Les autorités britanniques et l’ONR (organisme de régulation nucléaire anglais) avaient pourtant lancé maints avertissements, non suivis d’effets. Les manquements constants aux normes en matière de cybersécurité n’ont pas été plus pris au sérieux (voire ont été dissimulés), cependant que la sécurité concerne quelques 11 000 employés directement, et des populations alentours pouvant être impactées par toute défaillance.

La situation ne parait pas encore résolue puisqu’il est encore exigé du personnel du site de travailler via leurs ordinateurs personnels. Pas rassurant quand sont concernés les salariés travaillant sur des projets sensibles. La compromission des matériels les plus confidentiels semble évitée au prix de procédures de dernier ressort. Ce qui fait juger par les spécialistes que les matériels seraient atteints. Des pertes de données sont subséquemment craintes. Mais le plus important réside dans la maitrise opérationnelle et fonctionnelle conservée d’un tel site.

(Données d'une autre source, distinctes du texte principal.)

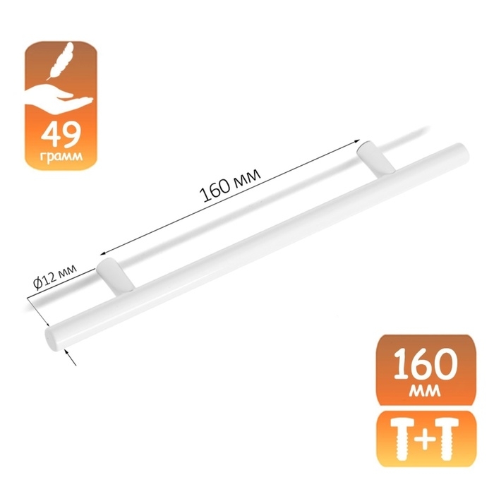 Ручка рейлинг CAPPIO FRIDA, нерж. сталь, d=12 мм, м/о 160 мм, цвет белый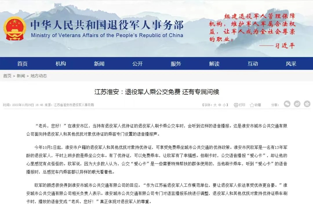淮安市城市公共交通有限公司(简称“淮安公交”)现有员工2010余人,其中退役军人263人,随军家属4人。近年来,淮安公交坚持以习近平新时代中国特色社会主义思想为引领,以“让退役军人成为全社会尊重的人,让军人成为全社会尊崇的职业”目标为遵循,以提高退役军人归属感、荣誉感、幸福感为追求,精心打造“幸福老兵”退役军人工作品牌,先后荣获“全国文明单位”“全国工人先锋号”“江苏省退役军人工作模范单位”“江苏省优秀‘戎耀之家’”等122项国家、省、市级殊荣。
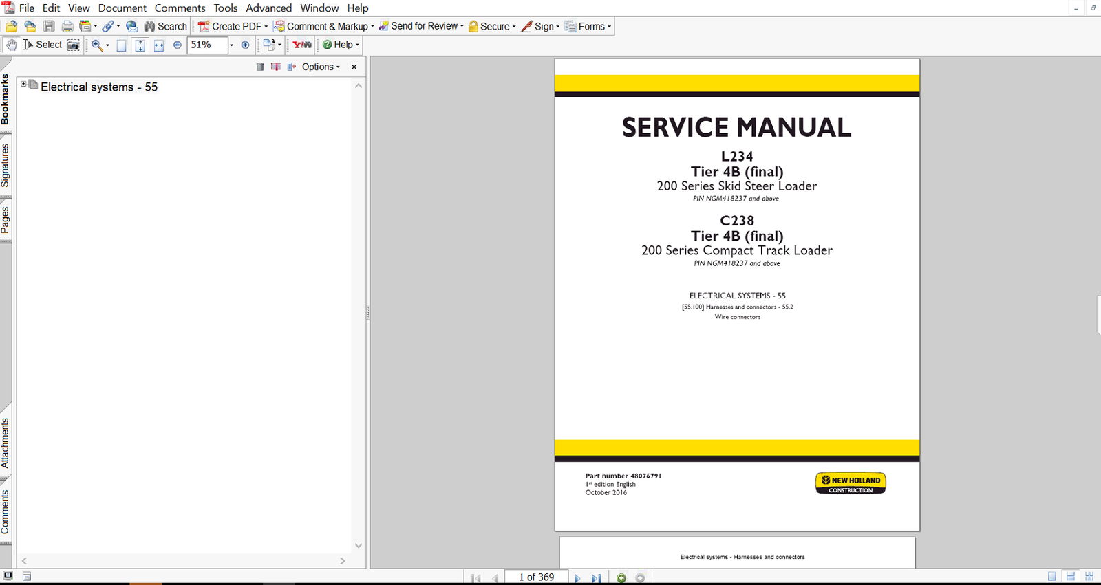 Whether you’re performing a quick service or a complete overhaul, this manual is your essential companion for maximizing the performance and longevity of your New Holland C238 Track Loader Electrical Systems

Aussi, cet épisode n’est pas anodin et dénué d’importance. Surtout pour un site considéré comme l’un des plus dangereux au monde. Côté dangerosité, le podium pourrait se disputer avec le site français de La Hague, au regard des tonnes de plutonium stockées dans cette partie du Cotentin, entre autres déchets hautement radioactifs (des milliers de tonnes de barres de combustible usé…). Comme un mauvais augure.

Une attaque informatique (piratage, virus…) peut avoir indubitablement des conséquences majeures sur la conduite et la poursuite de fonctionnement d’un réacteur nucléaire. La cybersécurité apparait comme un enjeu aussi vital et essentiel que bien d’autres mesures de sûreté afin de préserver les intérêts d’une installation nucléaire à court et long termes.

Préoccupant. Déjà, les serveurs de Sellafield n’étaient pas considérés comme hautement sécurisés. Et les signaux faibles existaient. Le risque cumulatif de défaillances était présent de longue date, que ce soit par le truchement d’objets extérieurs laissés connectables (téléphones, ordinateurs portables, clés USB), les mots de passe par défaut demeurant inchangés sur les postes ou les automates (pour des questions pratiques ou par négligence), le manque de systèmes d’authentification complexes pour les connexions à distance, et carrément des informations de connexion et mots de passe de systèmes informatiques diffusés par inadvertance selon une procédure que TV5 ne peut jalouser. Parallèlement, aucune amélioration nécessaire n’était prise en compte : les normes les plus élevées n’y sont pas respectées, les systèmes d’information de Sellafield auraient dû être révisés entièrement, remplacés.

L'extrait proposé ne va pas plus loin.